M & M 's experiment • The paths A and B are represented by the swimmers A and B in the preceding example. As the Experiment is rotated their respective arrival times at the interferometer screen should change in the presence of an aether current. This change will be easily detected by a shift in the interference fringes produced. • Even though the experiment was repeated many times, at different times of the year (position in Earth's orbit) and at different altitudes.NO SIGNIFICANT CHANGE WAS EVER DETECTED! A null result, conclusion: NO AETHER ??
M&M' s null result • Albert Michelson and Edward Morley were experienced and rigorous scientists (Michelson had just succeeded in making the most accurate measurement of the speed of light of the time – a figure that is accurate to this day). • Their experiment was well planned, well constructed and provided reproducible results. They were not satisfied in repeating it a few times but actually repeated it many times in different locations and at different times during the year. • Both were firm believers in the aether theory, so if there was any bias at all, it would have been for a positive result, not a null one. Both were very reluctant in reaching the only conclusion possible from their results: that the existence of the aether was severely in doubt. Both received the Nobel prize for this fundamental “ null” experiment. • Many other physicists over the years (to this day!) have had trouble in letting the aether theory go and many modifications of the aether theory have been tested, but to date each test has failed. • Some years after the Michelson-Morley experiments, Albert Einstein proposed his theory of special relativity. Even though Einstein did not set out to prove that the aether did not exist, a result of his theory was that the aether is not needed. • In contrast to the aether theory, Einstein's special theory of relativity has had confirmation from many of experiments.
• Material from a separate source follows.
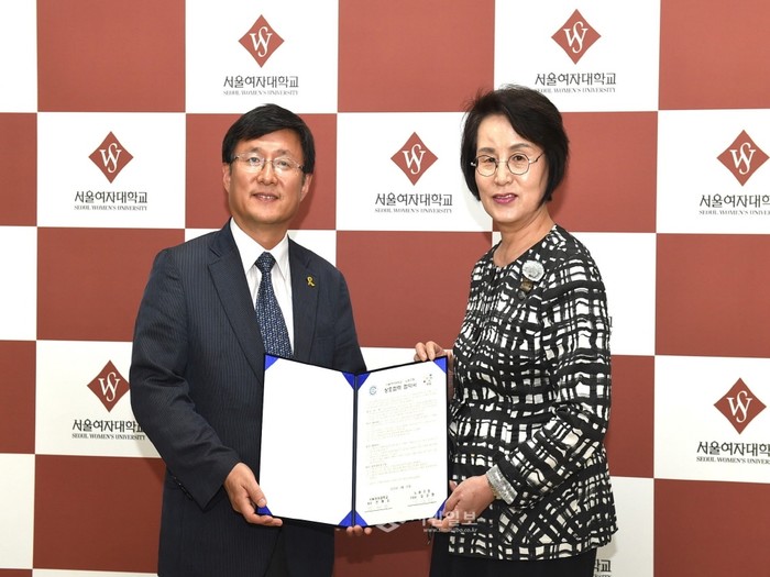 김성환 노원구청장(왼쪽)이 지난 30일 오후 2시 서울여자대학교 행정관 중회의실에서 '2016 소프트웨어 중심대학 선정에 따른 서울여자대학교와의 상호협력 체결식'을 열고 전혜정 서울여자대학교 총장과 기념촬영을 하고 있다.(사진제공=노원구청)

Inertial frames of reference. • An inertial frame of reference is one that is at rest or that is moving at constant velocity • A non-inertial frame of reference is one that is accelerating. • By definition all inertial frames of reference are identical – all will produce the same results to experiments carried out in them • Also by definition any mechanical experiment carried out in an inertial frame of reference will provide NO information regarding the state of uniform motion or rest of the frame. • i.e. You cannot tell whether you are moving or not unless you look at another inertial frame of reference and then you can measure your relative speeds. • This is known as Galilean Relativity. Galileo was the first to recognize that any observation within the inertial frame of reference would not help to find out whether the frame of reference was at rest or moving at a steady velocity. • Einstein took Galilean Relativity a step forward, by including electromagnetism. He proposed that any electromagnetic experiment would also give the same results in any inertial frame of reference.